BLOOMING AGAIN…AND AGAIN
“A Second Chance at Empty-Nesting”
Susan Marquez

     
  Susan is a mother enjoying her next life as a 50 year old empty nester with her husband Larry in her home-state of Mississippi. 


But all that comes crashing down when, on August 29, 2008, their 25-year-old daughter Nicole accidentally falls six stories from her New York City apartment building.

                         Nicole in February 2008

Several vertebrae in Nicole’s neck were crushed, as was a vertebrae in her lower back.  Her pelvis was broken, and she had broken several ribs on the left side.  One of the ribs punctured her lung, which collapsed.  It turns out that was her most life-threatening injury. 



       There was huge relief and gratitude when Nicole walked out of rehab on January 21, 2009, but the transition was a mental strain: it was like taking care of a newborn that weighted 100 pounds.



       My life and my time were not my own.  I struggled to be positive.  My mind tried to wander to some dark places.  On the one hand, I was angry at Nicole for pulling such a stupid stunt. . . . On the other hand, I (was deeply grateful that she had not only survived but was doing so well.)



       The traumatic event taught Susan to look on the positive and healthy aspects of the event:  while her daughter was in New York she figured she wouldn’t be able to see her only once or twice a year; but due to the accident she was able to spend quality mother-daughter time for a period of two years. 


       Nicole has moved on now. She has found love with a patient man who is amazed by her story and her determination.  She has become a successful motivational speaker and travels the country sharing her message of perseverance and hope.



And through it all, Susan experiences the same things her daughter speaks to others about:  perseverance and hope.
       I am happy.  I am at peace.  I know that everyone I care about is all right.  My nest is empty, and my life is full!

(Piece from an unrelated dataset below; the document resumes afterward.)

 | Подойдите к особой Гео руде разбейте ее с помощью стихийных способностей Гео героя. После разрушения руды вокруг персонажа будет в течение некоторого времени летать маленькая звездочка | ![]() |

BLOOMING IN CAREERS AND COMMUNITIES
“Something Has To Die”
Cassandra King


King has to come to terms that her church does not support her, nor does a husband – who refuses to recognize her need to change, and venture into the next stage. As a result, she maintains a façade in a marriage and a church that produced a cauldron “of misery and depression, compounded by guilt and self-hatred.”  And the most heaviest and dirtiest chain was worrying about what people thought of her.


      
Fighting the depression was nothing compared to the effort it took to put up a second front.

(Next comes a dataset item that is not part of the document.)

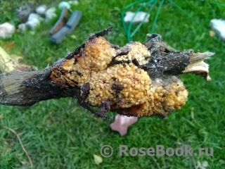 Я боролась за спасение Palais Royal. После обнаружения такого вот на её корнях прошло два года, роза цвела, выдала высокий в 2,5м побег в прошлом году, а в эту зиму погибла.

       Soon King comes to the realization and the gut wrenching truth that she has lost her authenticity of self, and has been living a façade all along, all to please a church that didn’t care for her and a husband who no longer had the wisdom to see within her depths.


       King finds solace in her Greek mythological self – Cassandra the princess of Troy, but unlike the Princess of Troy, King decided that she would not remain in a life that she found herself to be oppressed, which required she kill her false persona.



I had to kill her off; that phony non-person I had created to please others.  And I did it the only way I knew, with the only resource that had ever given my inner life any true meaning.  I closed the door and started to write.

Using a pen instead of a sword for her weapon she wrote what was in her heart and not was what in her church, and was then finally free.



       I’m finally freed of that prison of my own creation, the even deadlier urge to please others, to let what others think of me become more important than what I think of myself.

       These essays created a second blooming within myself to view mental illness not only as a disease but a journey of healing that, yes, can be a painful journey, but a joyful one, too.


       But more importantly it taught me to be responsible, not in solving everything, but knowing who to go to for help.  This gave me the power to finally be able to joyously say what Cassandra King says in her essay:   


And for the first time in my way too many years, I knew that I didn’t give a jolly good damn what anybody else thought.